Exercise instructions:
With the pictures left out, retype exactly the lines below starting at the line that contains "Colorblock Peep Toe Hollow Out Sandals" and ending at the line that contains "Podujatie sa aj".

*** Opening of Task material ***

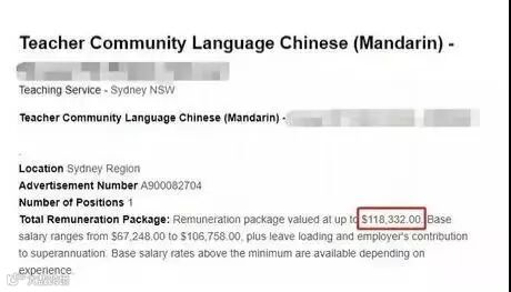 一张来自于悉尼某学校的招聘广告显示,该校中文教师的年薪已经达到了11.8万澳币!
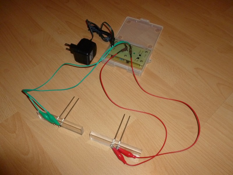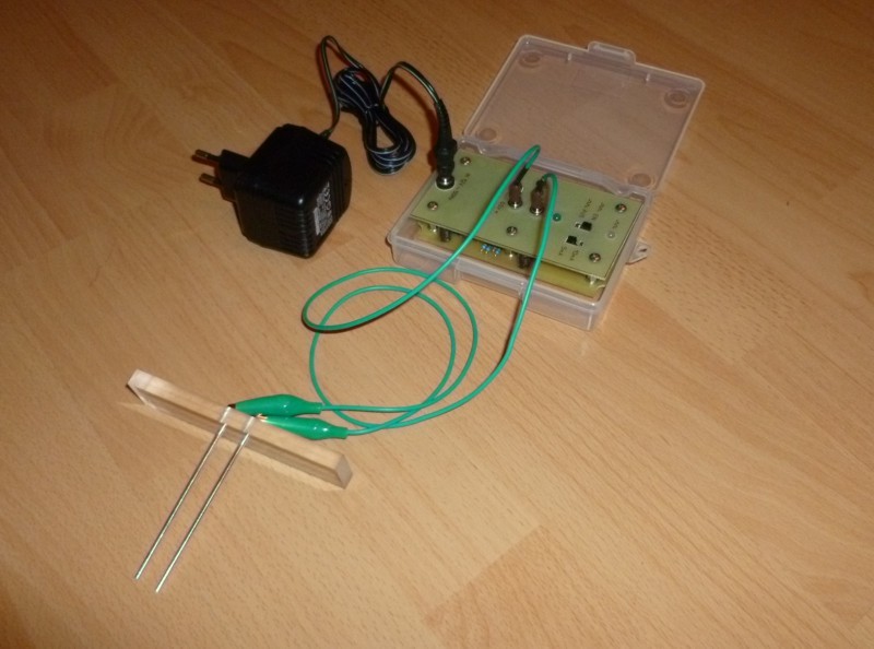 1 Paar (2 Stück) Silberelektroden 2,5 mm, 75 mm oder beliebig länger 1 Platine (Lieferquelle siehe unten) * * * Folgende 2 Teile nur für den späteren Einbau in ein
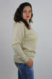 Свитер прямого силуэта, второго слоя одежды, с длиным рукавом реглан. Круглый вырез горловины обработан высоким ластичным воротником-ластик1х1.Низ стана и рукавов заработан ластиком 1х1
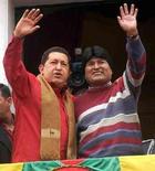 2. Selon l’Agence France-presse (AFP) le président vénézuélien Hugo Chavez et bolivien Evo Morales ont annoncé vendredi 26 mai à Shinaota, en pleine zone des planteurs de coca, le lancement «historique» d'une série de grands projets de développement portant sur 1,5 milliard de dollars et financés par le Venezuela. Vêtu d'un poncho et coiffé du «lluchu» (bonnet andin) Hugo Chavez a lancé: «Nous sommes là pour travailler, pour fonder une nouvelle alternative face aux politiques néo-libérales et aux accords de libre-échange». «Je me sens très fier c'est un jour historique», a rétorqué Evo Morales. «C'est la première fois de son histoire, que la Bolivie va commencer à industrialiser ses hydrocarbures». (NdR)
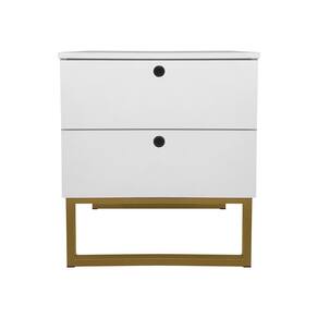Mesa de Cabeceira Slim 2 Gavetas Branco Base Metálica Dourada - Vallisa Decor
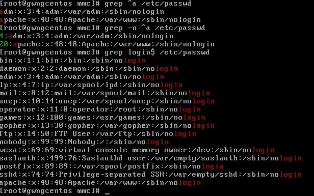 用grep查找/etc/passwd文件中以a开头的行,要求显示行号;查找/etc/passwd文件中以login结束的行;
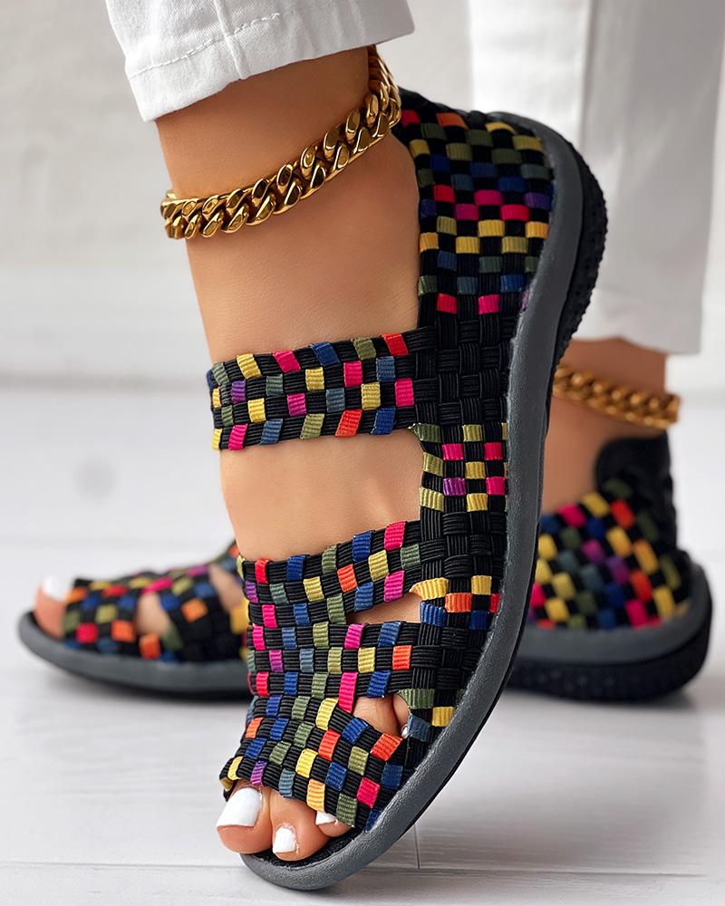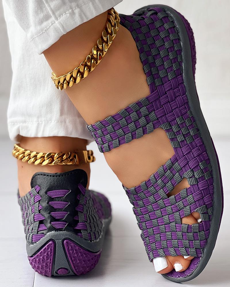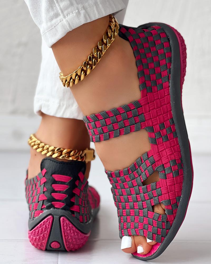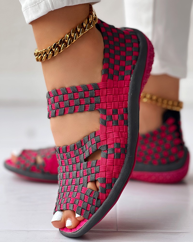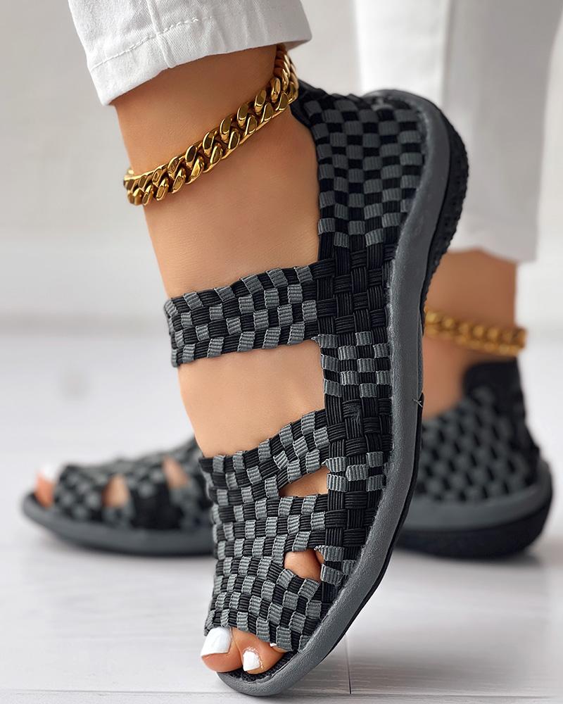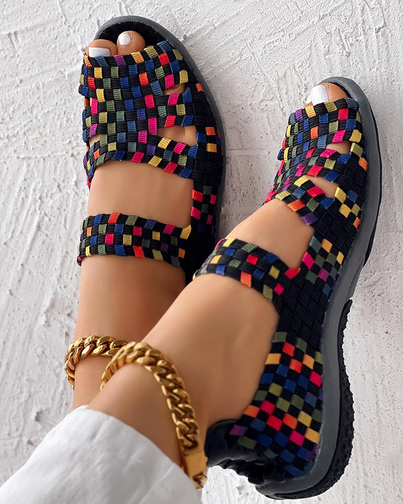 Colorblock Peep Toe Hollow Out Sandals
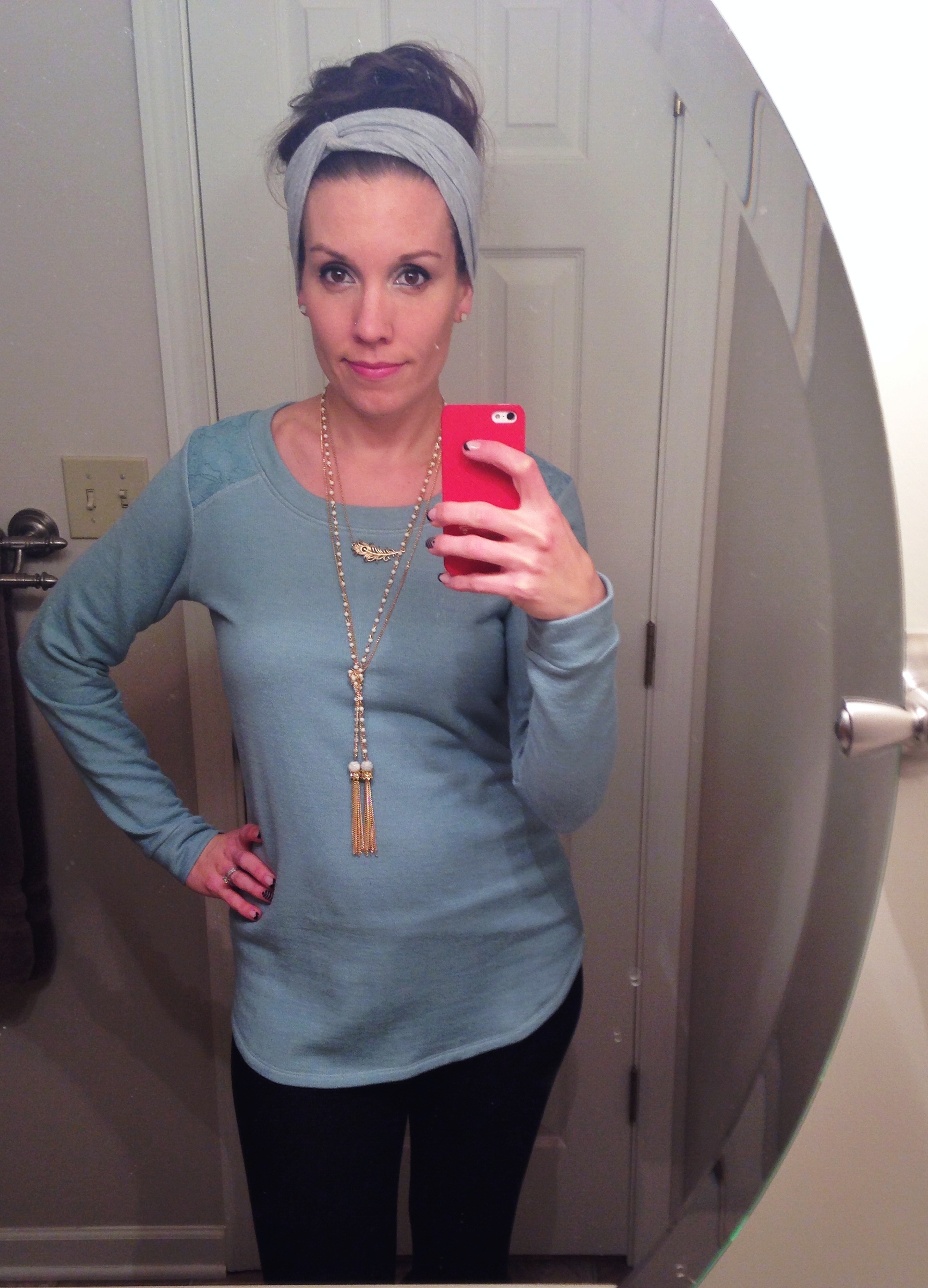 Found this top at Macy's clearance, and it's maternity, but still looks somewhat cool. And this turban. I haven't washed my hair in 4 days (just dry shampoo), and I've been wearing this thing all the time.
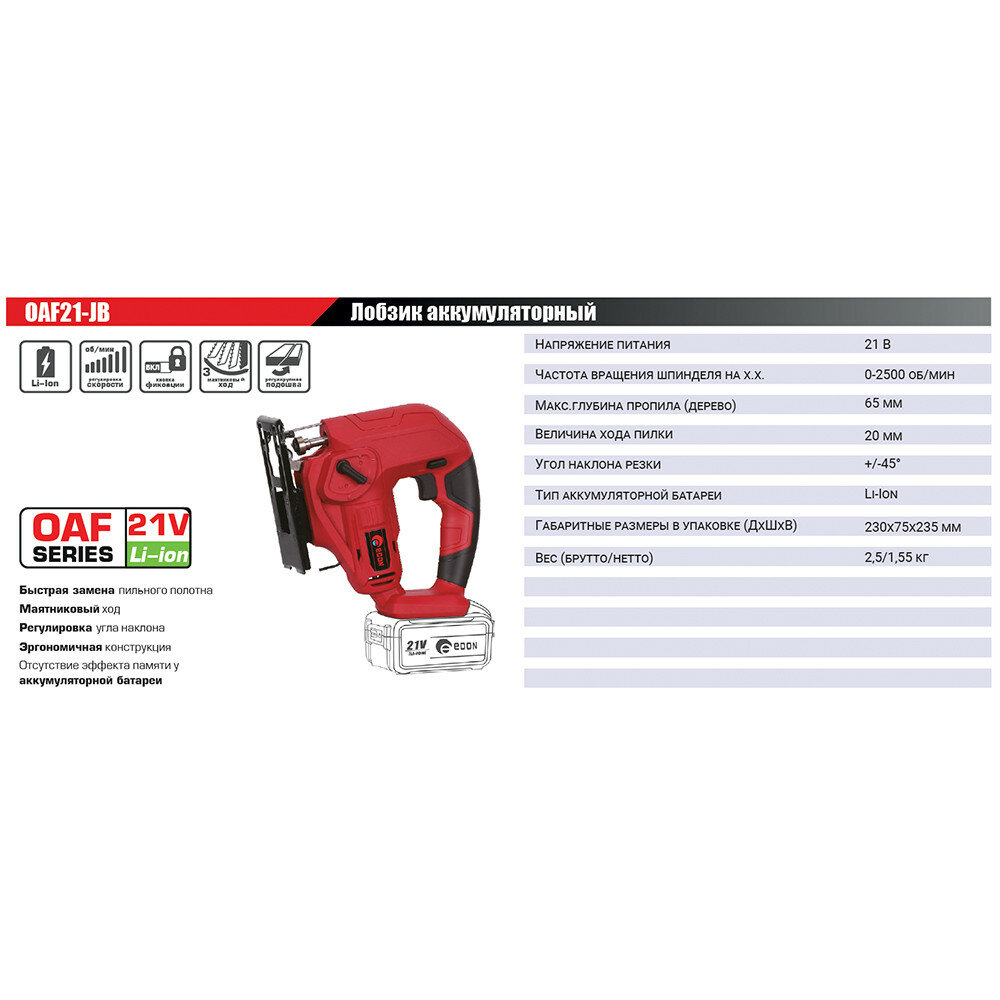 Лобзик аккумуляторный Edon OAF-21JB
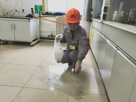 為進一步加強質檢計量中心實驗室人員安全宣傳教育,強化相關人員的實驗室安全防護意識,增強廣大職工應對實驗室危險化學品泄露事故的應急處置能力,近日,質檢計量中心檢驗三室組織開展模擬分析人員在日常工作中不慎將濃鹽酸打翻灑落、導致人員被灼的緊急救援及現場處置演練活動。中心黨支部書記、主任王平現場觀摩。
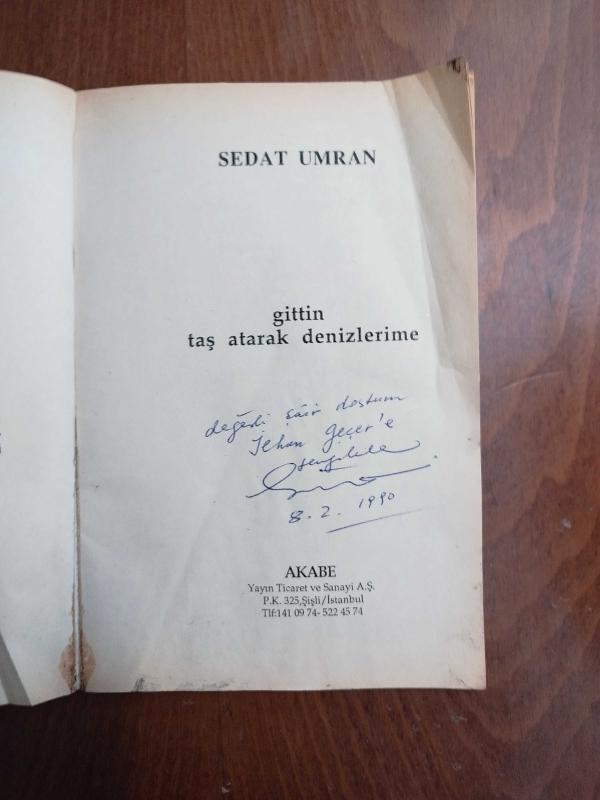GİTTİN TAŞ ATARAK DENİZLERİME (ŞAİR İLHAN GEÇER'E İMZALI), Sedat UMRAN tarafından kaleme alınmıştır. Kitap 1990 yılında Akabe Yayınları tarafından [İstanbul] yayınlanmıştır. 80 sayfadır. GİTTİN TAŞ ATARAK DENİZLERİME (ŞAİR İLHAN GEÇER'E İMZALI) adlı eser Türkçe dilindedir.
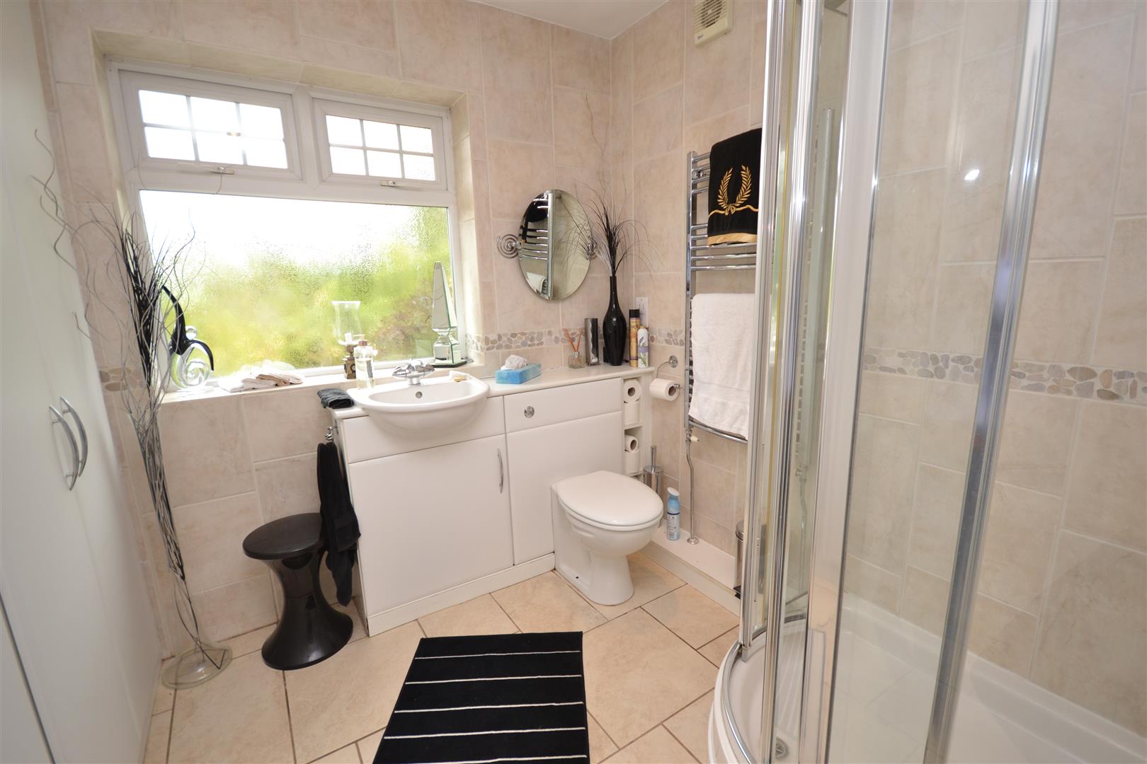 Shower Room - 2.59m x 2.46m (8'6" x 8'1") - This ground floor shower room is fully tiled to the walls and floor and fitted with a modern three piece white suite with chrome fittings including a wc with soft close seat and a wash basin with mixer tap both inset to a vanity unit, a large corner shower with a glazed and chrome sliding enclosure and a chrome thermostatic shower fitment. A run of tall built-in storage cupboards with shelving, clothes rail and housing the Baxi gas central heating combi boiler, chrome heated towel rail, shaver point, extractor fan, recessed ceiling downlights and obscure window to rear.
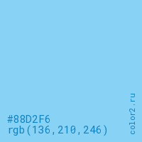 Цвет #88D2F6 в цветовой модели RGB обозначается тремя октетами (136, 210, 246) в десятичном формате и #88D2F6 в шестнадцатиричном (hex) формате, которые являются интенсивностью красного 136 (hex 88), интенсивность зелёного 210 (hex D2) и интенсивность синего 246 (hex F6).
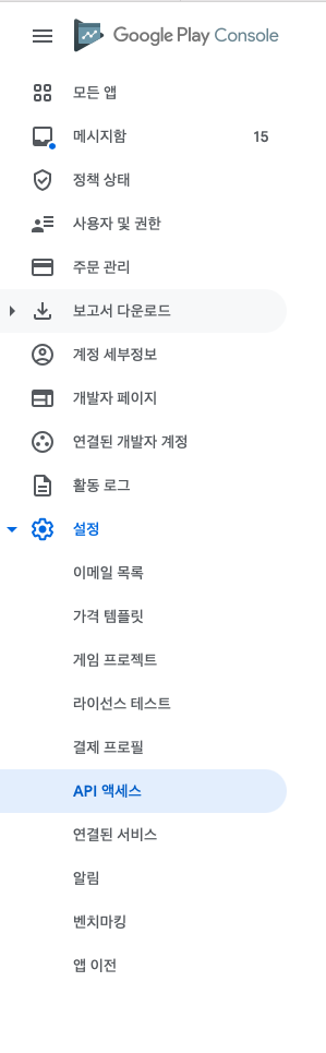 먼저 구글 플레이스토어에 올리기 위해서 구글 플레이 콘솔에 로그인 후, 오른쪽 목록에 있는 API 액세스에 들어옵니다.
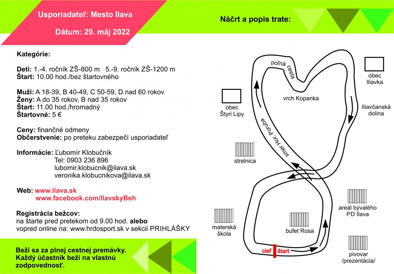 Podujatie sa aj tohto roku predstaví pod organizačnou taktovkou Mesta Ilava a stabilného generálneho partnera - spoločnosti AGROMIX. Vypísaných je celkom 10 vekových kategórii - 4 mužské (M, M40, M50, M60), 2 ženské (Ž, Ž35) a 4 žiacke (chlapci a dievčatá 1.- 4. ročníkov ZŠ a 5.- 9. ročníkov ZŠ). Bežecké súboje najmladších pretekárov začínajú tradične o desiatej hodine v priestoroch štartu a cieľa pred starým mestským pivovarom.
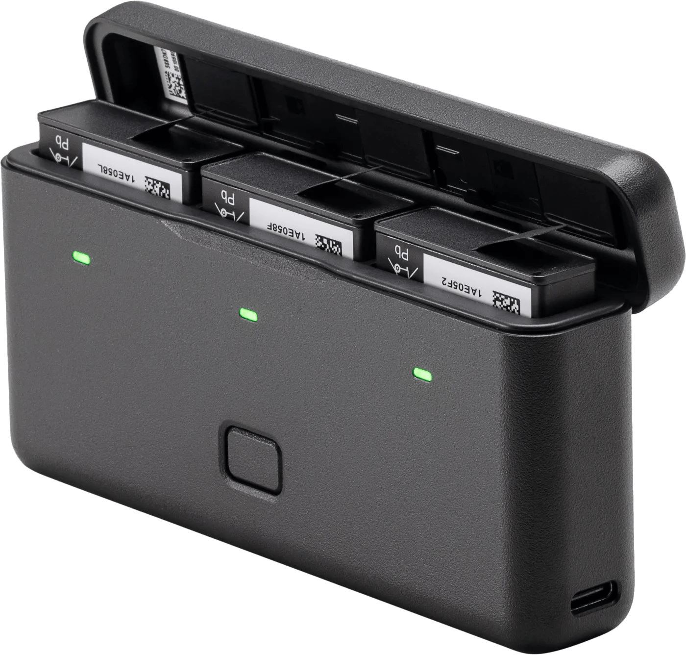 Met de DJI Osmo Action Battery Case laad je 3 accu's van jouw DJI Osmo Action op. Zo heb je genoeg stroom voor een hele dag filmen. Als je de opgeladen accu's niet gebruikt, stop je ze in de case en gebruik je de accu's als powerbank voor je smartphone. In de case zitten 2 gleufjes voor je micro SD kaarten. Op die manier raak je ze minder snel kwijt. De case is geschikt voor accu's van de DJI Osmo Action 3 en Osmo Action 4. Let op: er worden geen accu's meegeleverd.

*** Close of Task material ***

Your solution:
 Colorblock Peep Toe Hollow Out Sandals
 Found this top at Macy's clearance, and it's maternity, but still looks somewhat cool. And this turban. I haven't washed my hair in 4 days (just dry shampoo), and I've been wearing this thing all the time.
 Лобзик аккумуляторный Edon OAF-21JB
 為進一步加強質檢計量中心實驗室人員安全宣傳教育,強化相關人員的實驗室安全防護意識,增強廣大職工應對實驗室危險化學品泄露事故的應急處置能力,近日,質檢計量中心檢驗三室組織開展模擬分析人員在日常工作中不慎將濃鹽酸打翻灑落、導致人員被灼的緊急救援及現場處置演練活動。中心黨支部書記、主任王平現場觀摩。
GİTTİN TAŞ ATARAK DENİZLERİME (ŞAİR İLHAN GEÇER'E İMZALI), Sedat UMRAN tarafından kaleme alınmıştır. Kitap 1990 yılında Akabe Yayınları tarafından [İstanbul] yayınlanmıştır. 80 sayfadır. GİTTİN TAŞ ATARAK DENİZLERİME (ŞAİR İLHAN GEÇER'E İMZALI) adlı eser Türkçe dilindedir.
 Shower Room - 2.59m x 2.46m (8'6" x 8'1") - This ground floor shower room is fully tiled to the walls and floor and fitted with a modern three piece white suite with chrome fittings including a wc with soft close seat and a wash basin with mixer tap both inset to a vanity unit, a large corner shower with a glazed and chrome sliding enclosure and a chrome thermostatic shower fitment. A run of tall built-in storage cupboards with shelving, clothes rail and housing the Baxi gas central heating combi boiler, chrome heated towel rail, shaver point, extractor fan, recessed ceiling downlights and obscure window to rear.
 Цвет #88D2F6 в цветовой модели RGB обозначается тремя октетами (136, 210, 246) в десятичном формате и #88D2F6 в шестнадцатиричном (hex) формате, которые являются интенсивностью красного 136 (hex 88), интенсивность зелёного 210 (hex D2) и интенсивность синего 246 (hex F6).
 먼저 구글 플레이스토어에 올리기 위해서 구글 플레이 콘솔에 로그인 후, 오른쪽 목록에 있는 API 액세스에 들어옵니다.
 Podujatie sa aj tohto roku predstaví pod organizačnou taktovkou Mesta Ilava a stabilného generálneho partnera - spoločnosti AGROMIX. Vypísaných je celkom 10 vekových kategórii - 4 mužské (M, M40, M50, M60), 2 ženské (Ž, Ž35) a 4 žiacke (chlapci a dievčatá 1.- 4. ročníkov ZŠ a 5.- 9. ročníkov ZŠ). Bežecké súboje najmladších pretekárov začínajú tradične o desiatej hodine v priestoroch štartu a cieľa pred starým mestským pivovarom.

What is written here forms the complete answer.